Mr. Meloy, the lead singer and songwriter of the indie-rock band the Decemberists, who will play a solo show tomorrow at Town Hall, was at the American Museum of Natural History recently on a brief trip to New York. And the scene of the stuffed elands, with a painted background of the savannah, and foreground props for brush and trees, tickled a funny bone particularly sensitive to antiquated versions of the past.
"It's the 1920's approach to what a museum should be," he said, looking at the serpentinite stone frame around the display and the heroic bas-relief above it. "But it's so artful, the way they do it."

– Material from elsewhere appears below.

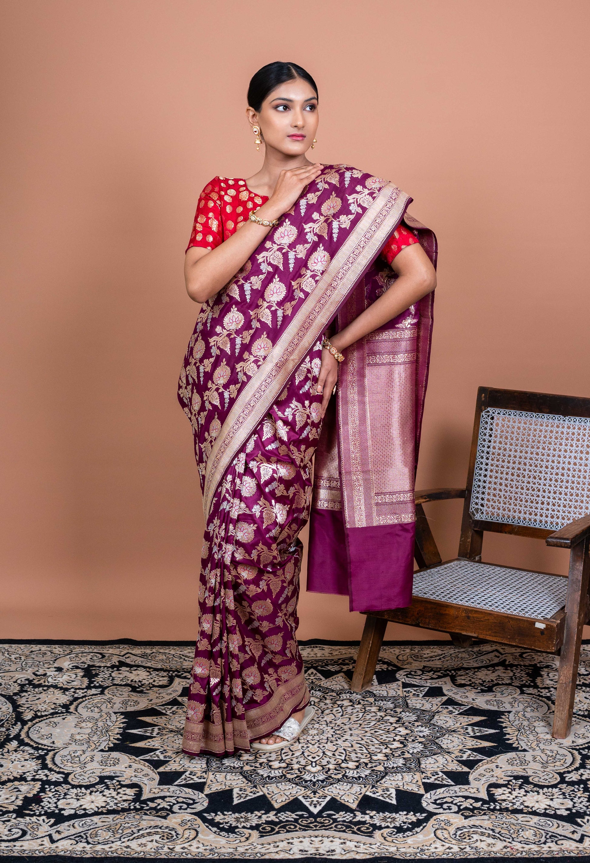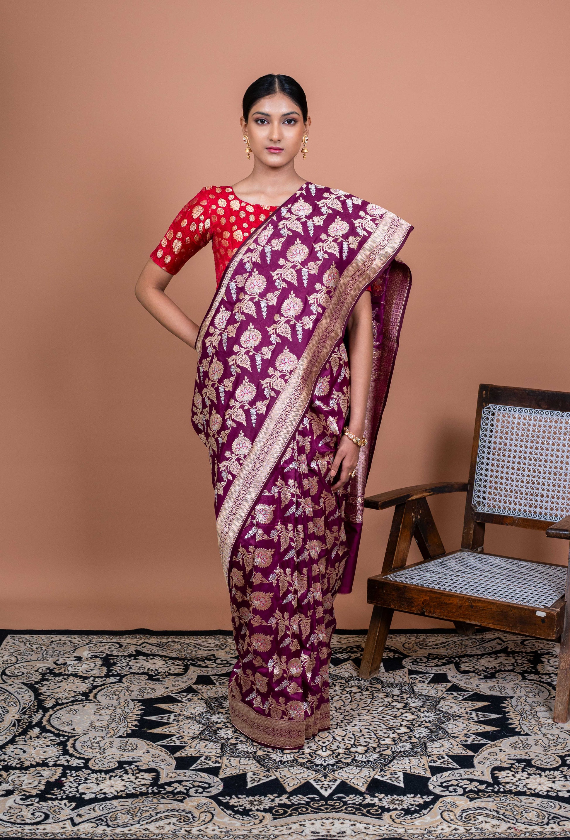 Experience the timeless elegance and intricate craftsmanship of our Paan Jaal Handwoven Banaras Saree. Expertly crafted with traditional techniques, this saree features a stunning paan jaal design that is both delicate and refined. Elevate your wardrobe with this luxurious and unique piece, perfect for any special occasion.

Mr. Meloy knows something about artful anachronism. In the last few years he has quickly established himself as one of the premier new songwriters in rock, charming critics and ever-growing crowds with songs set in a fantastical world of Victorian chimney sweeps and dockside prostitutes, infant ghosts and exotic royal parades. His lyrics giddily engage a Scrabble master's vocabulary; one song on the Decemberists' latest album, "Picaresque," rhymes folderol, chaparral and coronal.
Fitting snugly into a gray tweed sports jacket, and with his reddish-brown bangs falling just over the frames of his narrow glasses, Mr. Meloy, 30, has the look of a confident, unhurried graduate student. Ultra-literary types do not often rise to the top of the indie-rock heap, but last month the Decemberists, who are based in Portland, Ore., and have released three albums on the independent Kill Rock Stars label, signed with Capitol Records after being pursued by other high-profile companies like Nonesuch and Verve. Discussing the songs in a voice a bit deeper than the pointed nasal tenor he sings with, Mr. Meloy said that although his characters inhabit an imaginary or literary past, as a songwriter he aims for the timelessness of archetype.

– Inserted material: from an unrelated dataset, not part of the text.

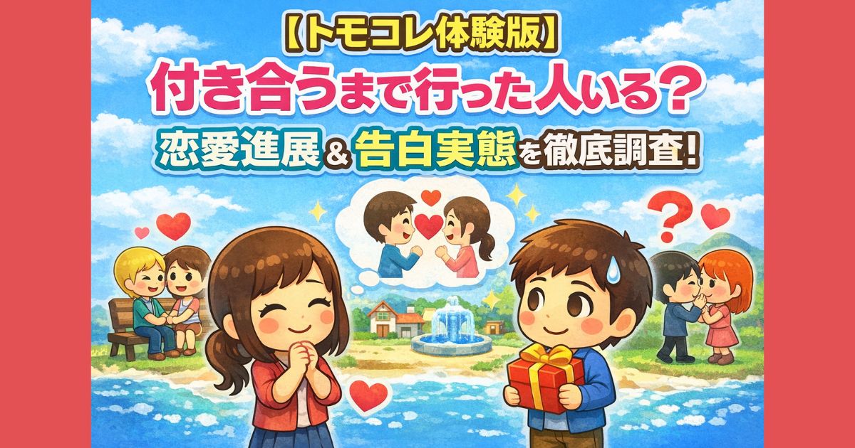 トモコレ体験版で付き合うまで進める?告白イベントの有無や恋愛の進展状況を徹底調査。実際のプレイ報告をもとに、恋人になる条件や攻略のコツ、製品版との違いまで分かりやすく解説します。

"Think of the character - which may be anachronistic - of the prostitute," he said, "whether the member of the harem or the Dickensian 19th-century prostitute. There's a certain universality to it that you can't get from other characters."

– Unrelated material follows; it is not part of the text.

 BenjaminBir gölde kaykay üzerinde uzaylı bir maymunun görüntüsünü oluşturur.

In "A Cautionary Song," a woman trudges from ship to ship "till at last she's satisfied the lot of the marina's teeming minions (in their opinion)," to feed the children who wait for her at home. A pair of male streetwalkers turn up in "On the Bus Mall," this time as bitter "kings among runaways" whose caustic world-weariness would not be out of place in a Gus Van Sant movie.
Mr. Meloy was born in Helena, Mont., to a family long devoted to the arts. His grandfather was one of the founders of the Archie Bray Foundation for the Ceramic Arts in Helena, and one of his sisters is the novelist Maile Meloy. He had planned to become a writer himself and studied creative writing at the University of Montana at Missoula, which teaches a stern Western realism that comes down from Wallace Stegner and Ivan Doig.
That style worked its way into Mr. Meloy's college band, Tarkio. Its music, reissued this week in "Omnibus" (Kill Rock Stars), was poker-faced alt-country influenced by Uncle Tupelo, with stark lyrics, for the most part, firmly rooted in reality.
Drawn after graduation to the Pacific Coast, he settled in Portland with plans to return to Montana soon to get an M.F.A. degree. But so near the sea, he began to follow his music on strange new adventures.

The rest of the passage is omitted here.